» **Requirement**
Reproduce, exactly and only, the lines of the data that follows from the one containing "Хол с бокс и" down to the one containing "Vintage Artificial Leather", without pictures.

::: Provided data

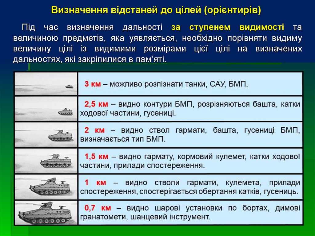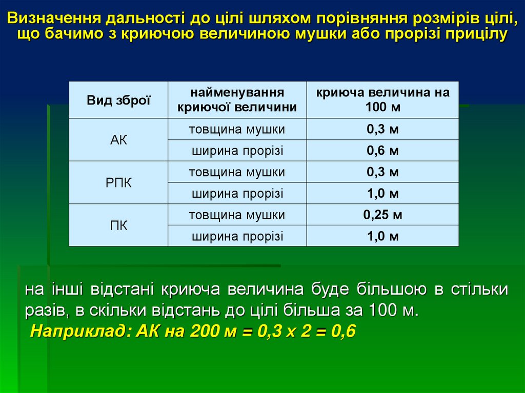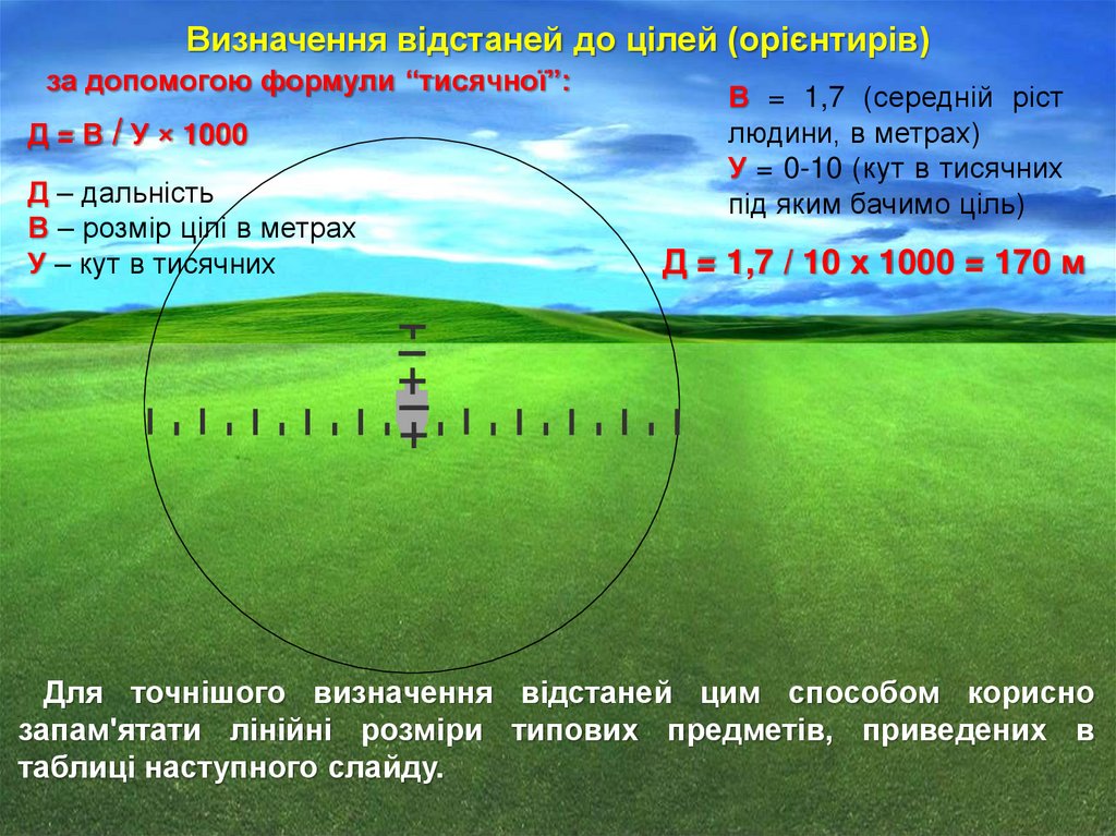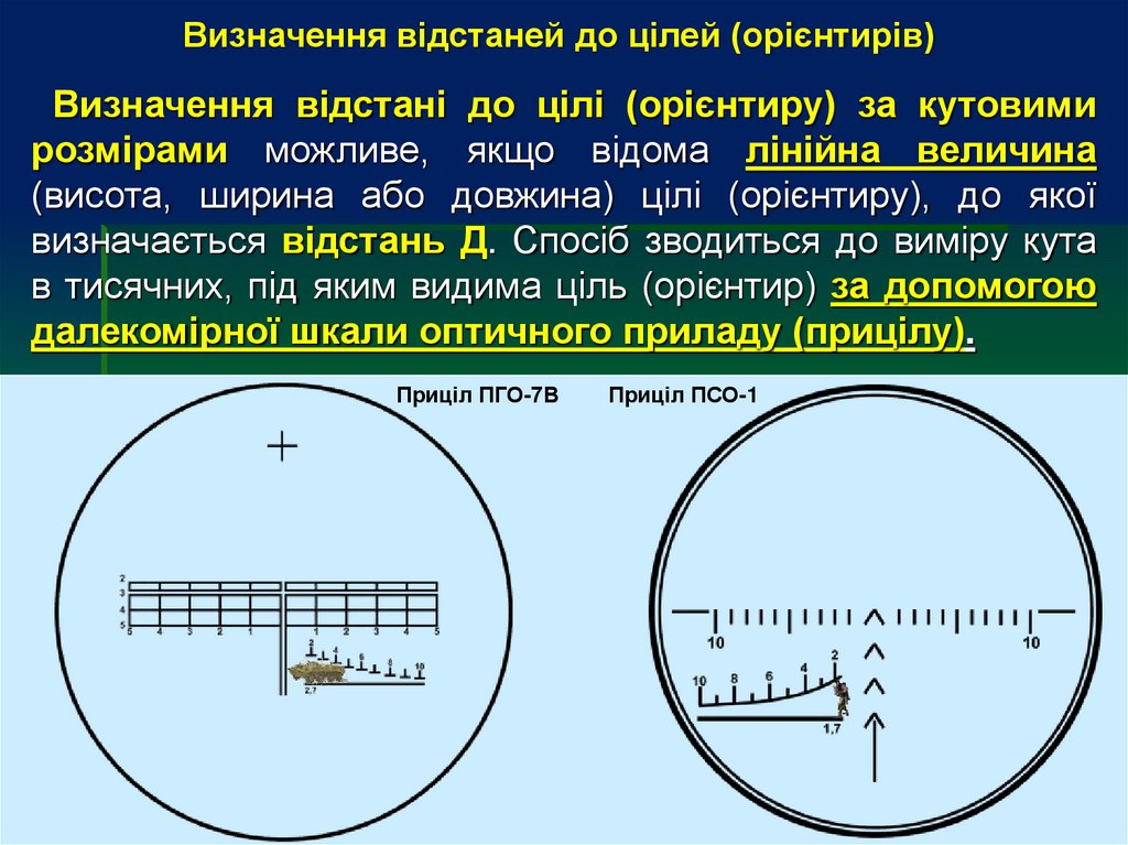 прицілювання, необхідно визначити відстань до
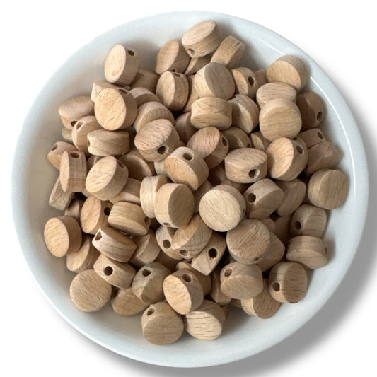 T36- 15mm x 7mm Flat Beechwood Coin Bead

::::::
::: Provided data

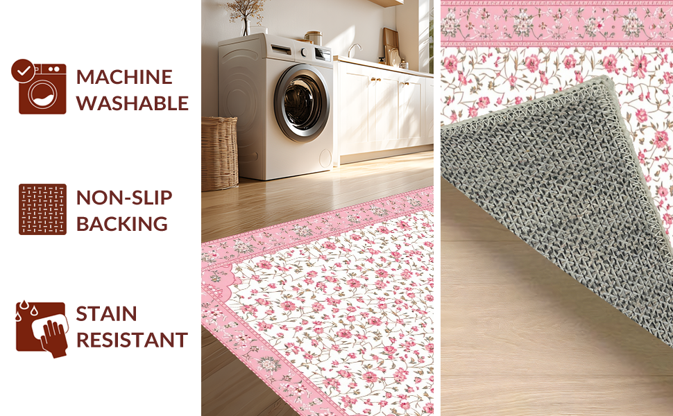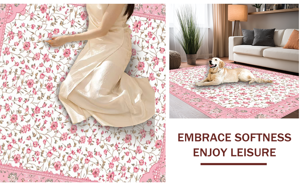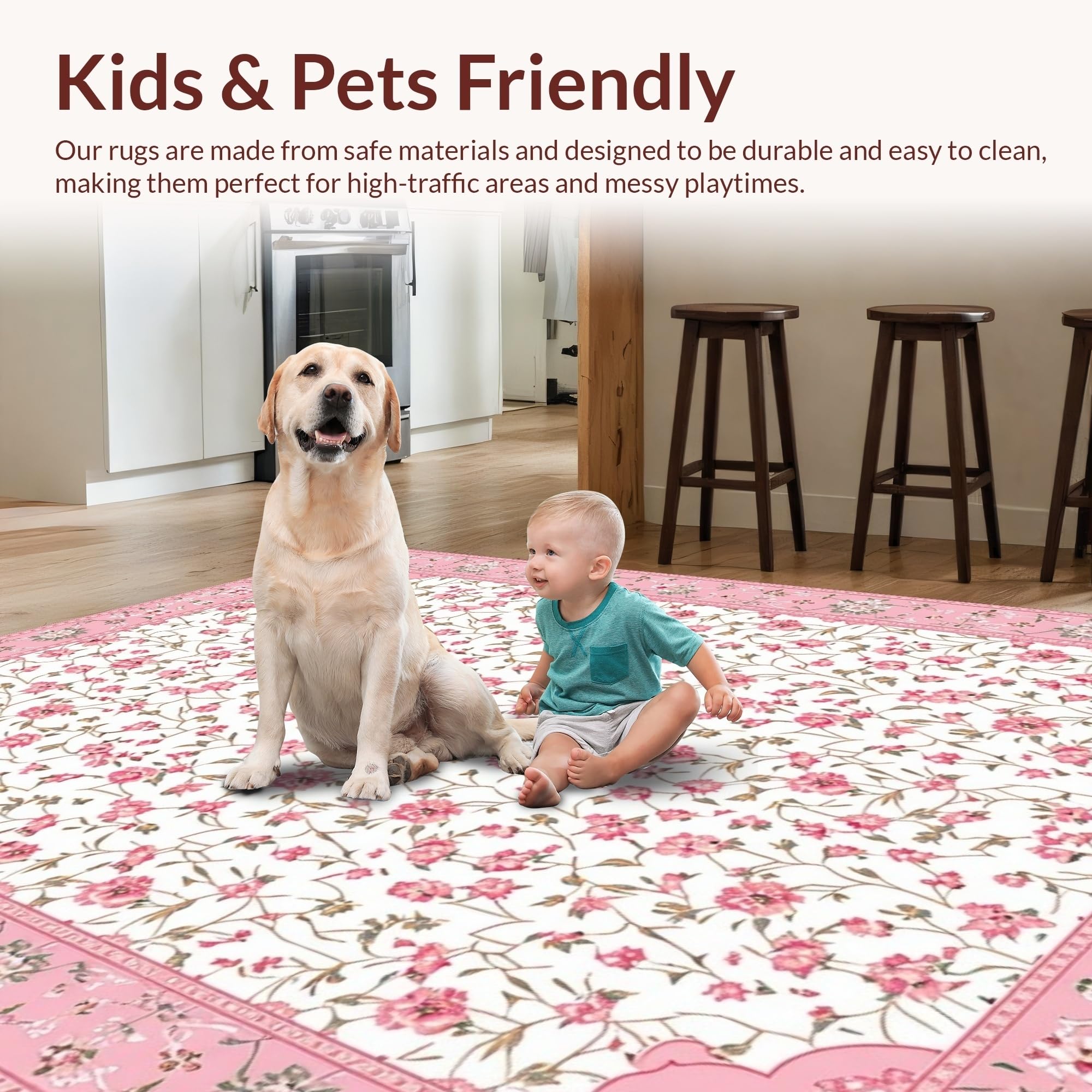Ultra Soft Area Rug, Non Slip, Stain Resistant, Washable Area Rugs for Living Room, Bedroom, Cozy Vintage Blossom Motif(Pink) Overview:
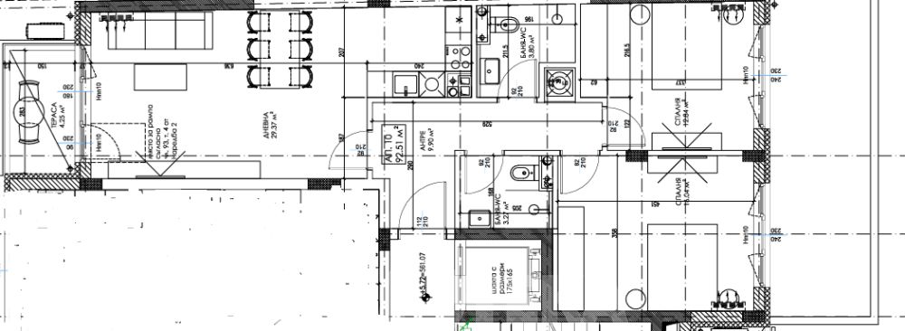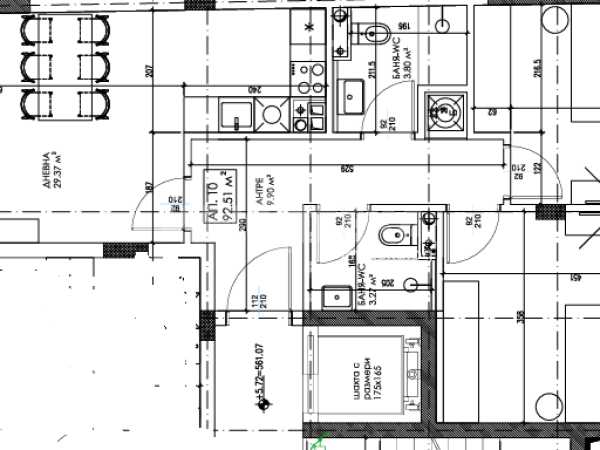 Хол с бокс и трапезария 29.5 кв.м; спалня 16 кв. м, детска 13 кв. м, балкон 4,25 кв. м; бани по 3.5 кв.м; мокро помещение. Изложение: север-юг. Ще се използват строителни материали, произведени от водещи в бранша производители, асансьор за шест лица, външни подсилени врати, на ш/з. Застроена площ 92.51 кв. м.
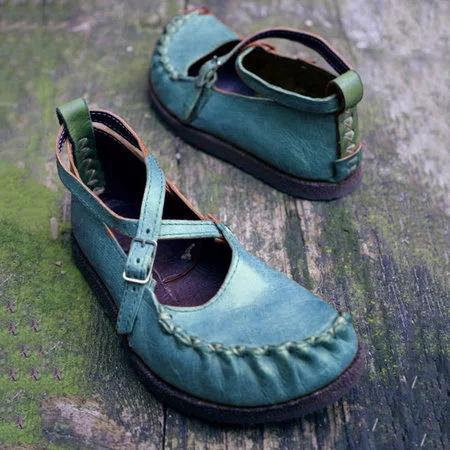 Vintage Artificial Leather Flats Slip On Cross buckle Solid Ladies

::::::
::: Provided data

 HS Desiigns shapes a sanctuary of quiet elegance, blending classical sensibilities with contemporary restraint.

::::::

» **The answer**
 Хол с бокс и трапезария 29.5 кв.м; спалня 16 кв. м, детска 13 кв. м, балкон 4,25 кв. м; бани по 3.5 кв.м; мокро помещение. Изложение: север-юг. Ще се използват строителни материали, произведени от водещи в бранша производители, асансьор за шест лица, външни подсилени врати, на ш/з. Застроена площ 92.51 кв. м.
 Vintage Artificial Leather Flats Slip On Cross buckle Solid Ladies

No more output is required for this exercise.